§ Input records:
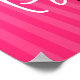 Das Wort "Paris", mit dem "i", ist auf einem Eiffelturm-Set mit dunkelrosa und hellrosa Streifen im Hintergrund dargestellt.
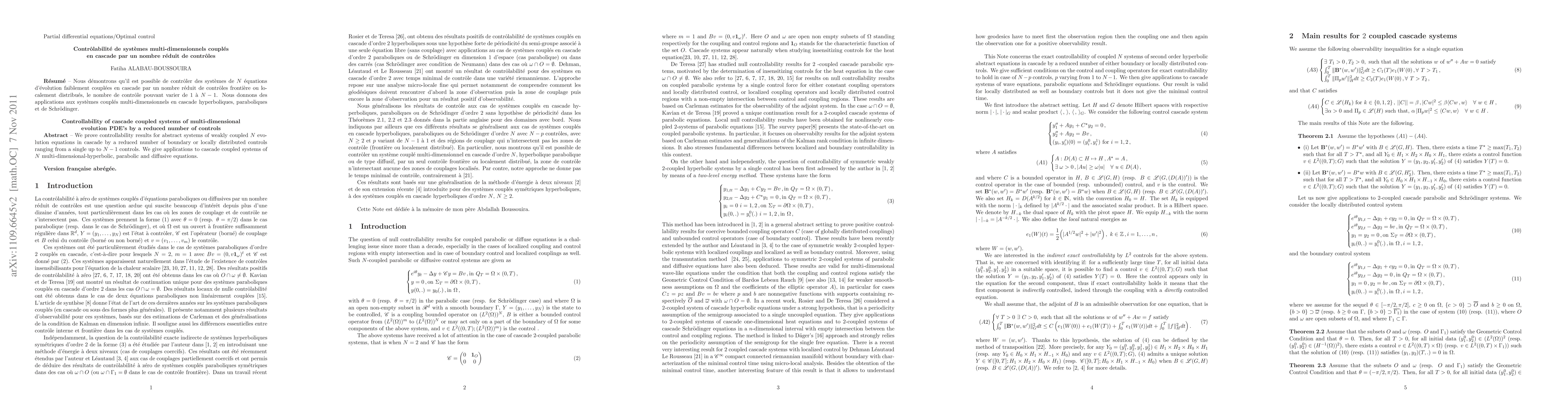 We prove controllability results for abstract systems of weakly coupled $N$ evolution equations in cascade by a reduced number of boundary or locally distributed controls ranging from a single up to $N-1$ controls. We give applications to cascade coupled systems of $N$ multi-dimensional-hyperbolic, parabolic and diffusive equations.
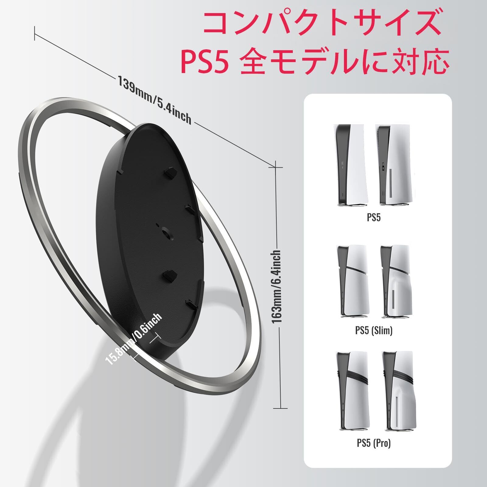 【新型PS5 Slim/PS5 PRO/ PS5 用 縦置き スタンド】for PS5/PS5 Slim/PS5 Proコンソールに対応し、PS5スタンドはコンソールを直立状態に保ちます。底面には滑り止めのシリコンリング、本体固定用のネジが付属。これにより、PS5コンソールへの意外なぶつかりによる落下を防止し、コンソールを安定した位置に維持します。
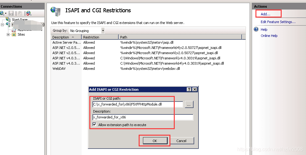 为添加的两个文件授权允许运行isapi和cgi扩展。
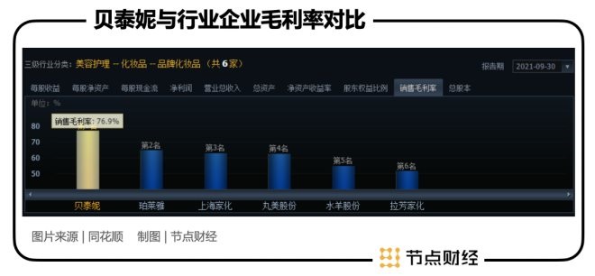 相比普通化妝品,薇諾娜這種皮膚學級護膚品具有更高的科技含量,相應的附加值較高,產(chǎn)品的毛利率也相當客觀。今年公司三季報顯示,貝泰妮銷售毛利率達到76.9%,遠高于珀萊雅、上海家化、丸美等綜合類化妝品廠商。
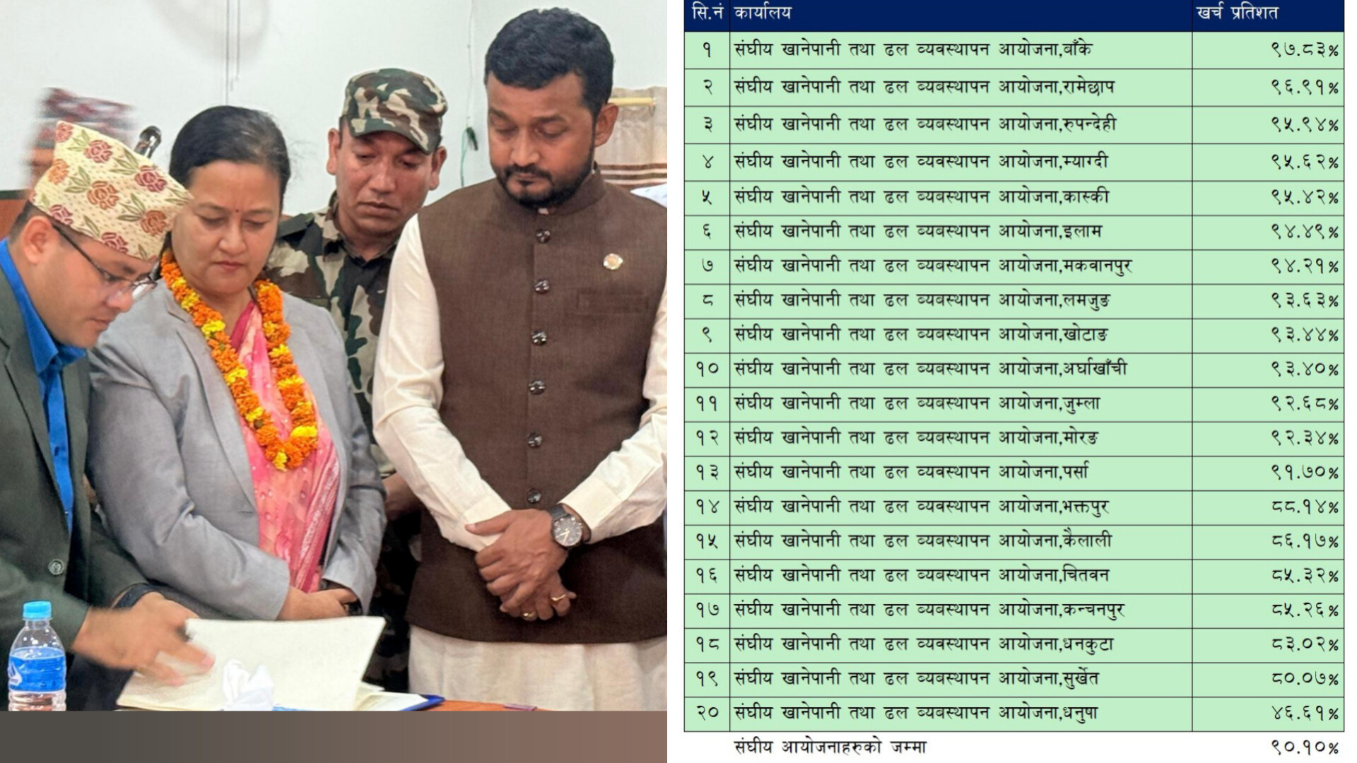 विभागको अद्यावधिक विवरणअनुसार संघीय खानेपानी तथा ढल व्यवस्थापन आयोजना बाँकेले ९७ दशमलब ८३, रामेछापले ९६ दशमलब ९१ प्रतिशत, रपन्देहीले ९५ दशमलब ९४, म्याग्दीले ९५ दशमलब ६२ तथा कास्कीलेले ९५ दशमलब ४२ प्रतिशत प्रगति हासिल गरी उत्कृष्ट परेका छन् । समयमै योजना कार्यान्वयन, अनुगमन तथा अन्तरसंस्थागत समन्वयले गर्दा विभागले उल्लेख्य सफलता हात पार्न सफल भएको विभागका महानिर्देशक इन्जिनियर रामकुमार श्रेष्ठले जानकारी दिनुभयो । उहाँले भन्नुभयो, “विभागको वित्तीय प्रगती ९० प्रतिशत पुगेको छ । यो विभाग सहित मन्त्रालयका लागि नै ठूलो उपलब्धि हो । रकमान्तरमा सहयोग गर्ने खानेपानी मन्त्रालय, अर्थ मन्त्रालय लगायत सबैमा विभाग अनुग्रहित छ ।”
==
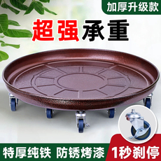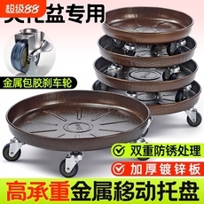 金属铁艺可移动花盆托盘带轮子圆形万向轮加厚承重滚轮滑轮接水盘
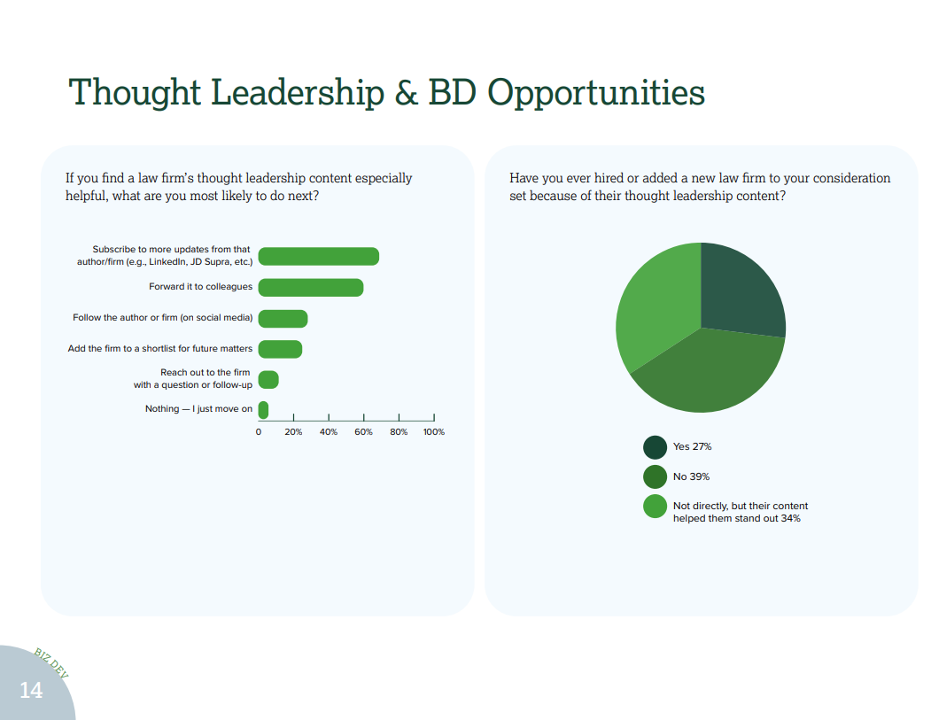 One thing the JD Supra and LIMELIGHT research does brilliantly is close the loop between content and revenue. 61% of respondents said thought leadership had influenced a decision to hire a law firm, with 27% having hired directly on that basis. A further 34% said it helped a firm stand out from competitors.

§ Instructions for the task: Return exactly the lines that appear in the data above between the line containing "相比普通化妝品,薇諾娜這種皮" and the line containing "विभागको अद्यावधिक विवरणअनुसार", both of which are included, and leave the pictures out.

§ Task response:
 相比普通化妝品,薇諾娜這種皮膚學級護膚品具有更高的科技含量,相應的附加值較高,產(chǎn)品的毛利率也相當客觀。今年公司三季報顯示,貝泰妮銷售毛利率達到76.9%,遠高于珀萊雅、上海家化、丸美等綜合類化妝品廠商。
 विभागको अद्यावधिक विवरणअनुसार संघीय खानेपानी तथा ढल व्यवस्थापन आयोजना बाँकेले ९७ दशमलब ८३, रामेछापले ९६ दशमलब ९१ प्रतिशत, रपन्देहीले ९५ दशमलब ९४, म्याग्दीले ९५ दशमलब ६२ तथा कास्कीलेले ९५ दशमलब ४२ प्रतिशत प्रगति हासिल गरी उत्कृष्ट परेका छन् । समयमै योजना कार्यान्वयन, अनुगमन तथा अन्तरसंस्थागत समन्वयले गर्दा विभागले उल्लेख्य सफलता हात पार्न सफल भएको विभागका महानिर्देशक इन्जिनियर रामकुमार श्रेष्ठले जानकारी दिनुभयो । उहाँले भन्नुभयो, “विभागको वित्तीय प्रगती ९० प्रतिशत पुगेको छ । यो विभाग सहित मन्त्रालयका लागि नै ठूलो उपलब्धि हो । रकमान्तरमा सहयोग गर्ने खानेपानी मन्त्रालय, अर्थ मन्त्रालय लगायत सबैमा विभाग अनुग्रहित छ ।”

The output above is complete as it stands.